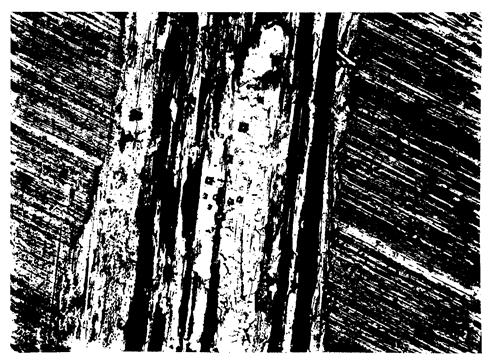 3.2.3. Осматривают обе поверхности трения образца и выделяют на каждой из них три пары противолежащих участков поверхности, ограничиваемых контуром, соответствующим контуру контакта образца с контробразцом и охватывающим царапины, возникшие вследствие заедания трущихся поверхностей размеры которых в пределах их участков обладают наибольшим постоянством.
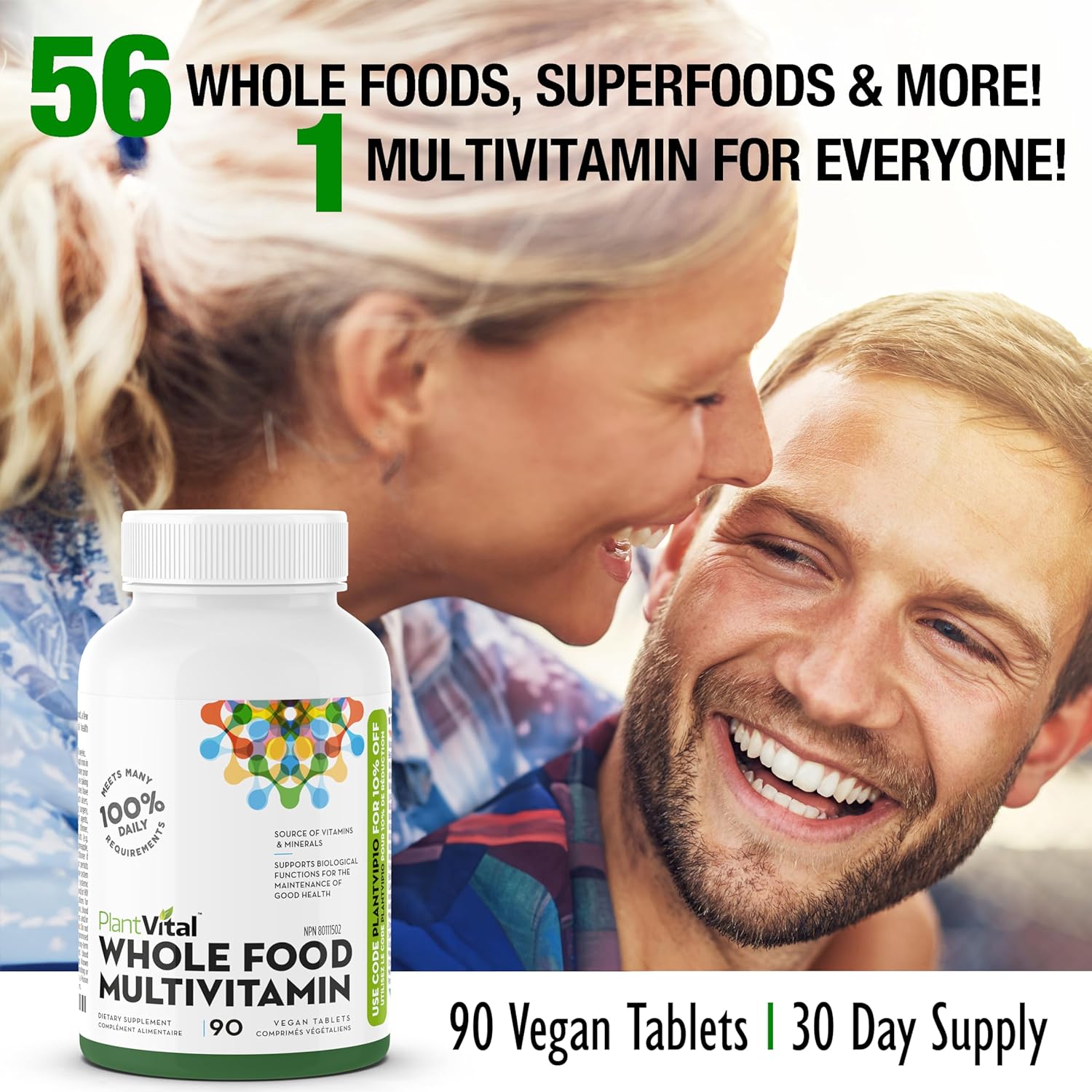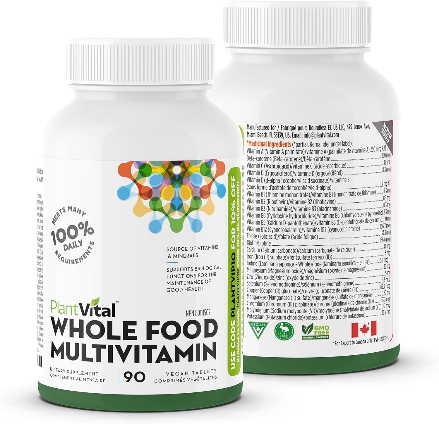 - POTENT MULTIVITAMIN: PlantVital Whole Food Multivitamin: Our vegan multivitamin is made with almost 100% whole-food vitamins, delivering a pure energy source with no stimulants. Plus, it's free from ragweed, soy, wheat, gluten, or dairy.
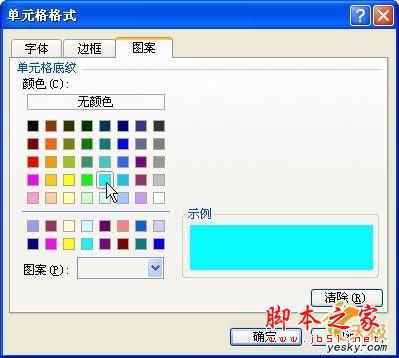 点击右下方的“格式”按钮,在打开的“单元格格式”对话框中,点击“图案”选项卡,选取一种填充颜色。如图2所示。确定后,关闭此对话框。

▶ Exercise
Return the listing above in an exact copy that leaves out the images.

▶ Task response
 3.2.3. Осматривают обе поверхности трения образца и выделяют на каждой из них три пары противолежащих участков поверхности, ограничиваемых контуром, соответствующим контуру контакта образца с контробразцом и охватывающим царапины, возникшие вследствие заедания трущихся поверхностей размеры которых в пределах их участков обладают наибольшим постоянством.
 - POTENT MULTIVITAMIN: PlantVital Whole Food Multivitamin: Our vegan multivitamin is made with almost 100% whole-food vitamins, delivering a pure energy source with no stimulants. Plus, it's free from ragweed, soy, wheat, gluten, or dairy.
 点击右下方的“格式”按钮,在打开的“单元格格式”对话框中,点击“图案”选项卡,选取一种填充颜色。如图2所示。确定后,关闭此对话框。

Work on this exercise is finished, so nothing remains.